Supplied material:

● ● ● ● ● ● ●

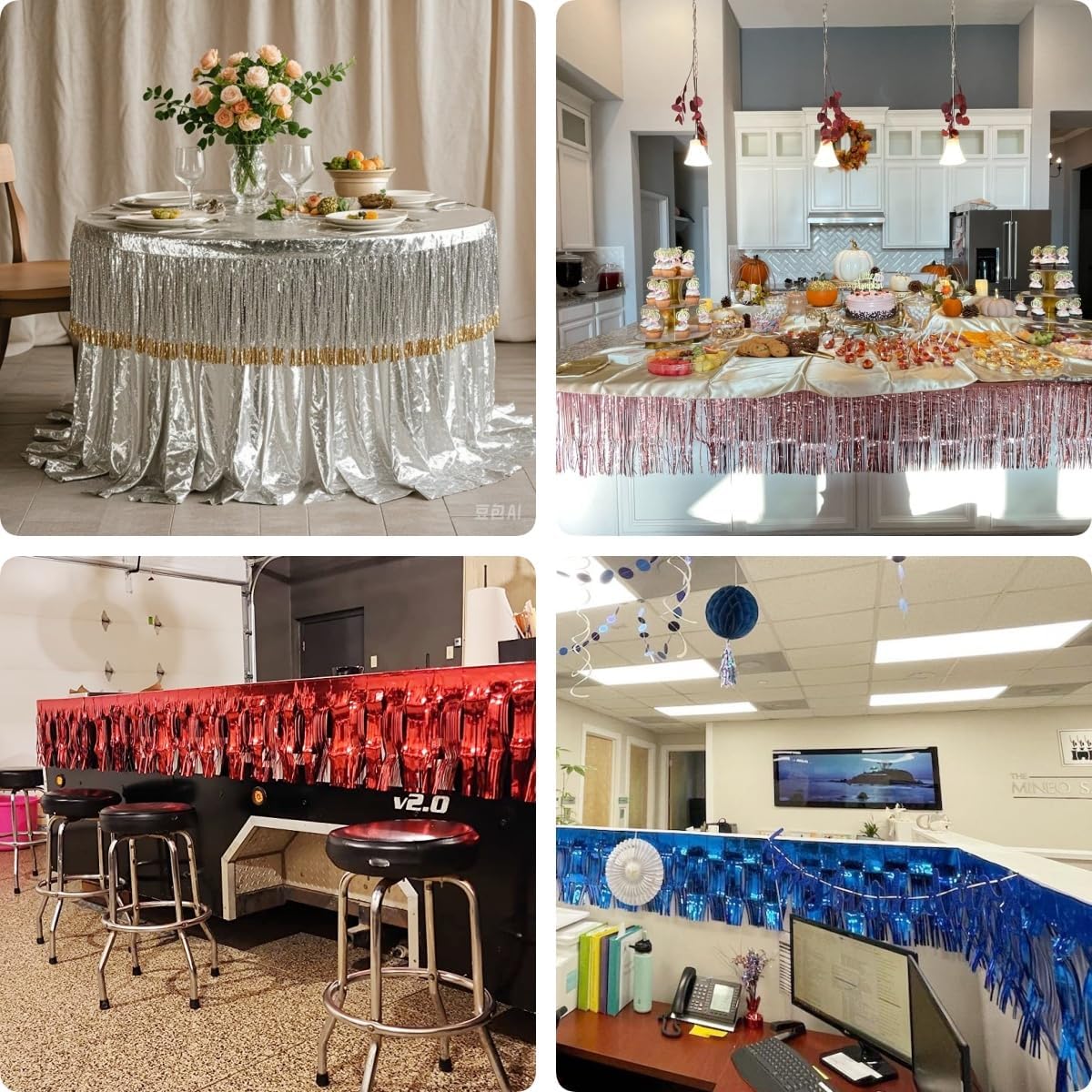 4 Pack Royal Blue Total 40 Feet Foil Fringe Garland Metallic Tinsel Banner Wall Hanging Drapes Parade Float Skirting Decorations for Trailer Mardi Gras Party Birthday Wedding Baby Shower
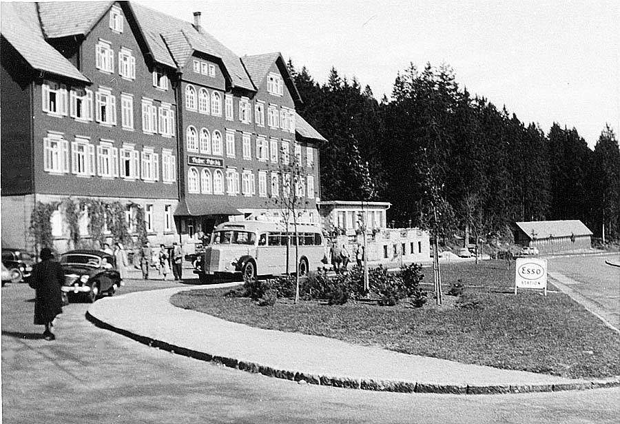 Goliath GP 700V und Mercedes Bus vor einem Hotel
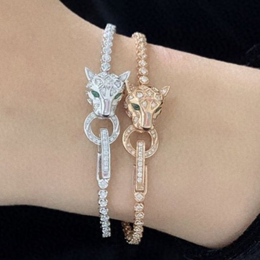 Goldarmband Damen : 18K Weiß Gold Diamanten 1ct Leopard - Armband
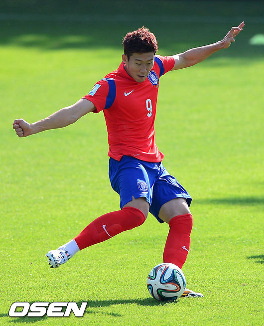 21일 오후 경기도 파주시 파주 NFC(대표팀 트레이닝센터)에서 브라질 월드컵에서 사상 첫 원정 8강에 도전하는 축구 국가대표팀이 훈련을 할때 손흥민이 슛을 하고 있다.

● ● ● ● ● ● ●

Required action: The answer must be the full listing retyped exactly, with no pictures in it.

Reply:
 4 Pack Royal Blue Total 40 Feet Foil Fringe Garland Metallic Tinsel Banner Wall Hanging Drapes Parade Float Skirting Decorations for Trailer Mardi Gras Party Birthday Wedding Baby Shower
 Goliath GP 700V und Mercedes Bus vor einem Hotel
 Goldarmband Damen : 18K Weiß Gold Diamanten 1ct Leopard - Armband
 21일 오후 경기도 파주시 파주 NFC(대표팀 트레이닝센터)에서 브라질 월드컵에서 사상 첫 원정 8강에 도전하는 축구 국가대표팀이 훈련을 할때 손흥민이 슛을 하고 있다.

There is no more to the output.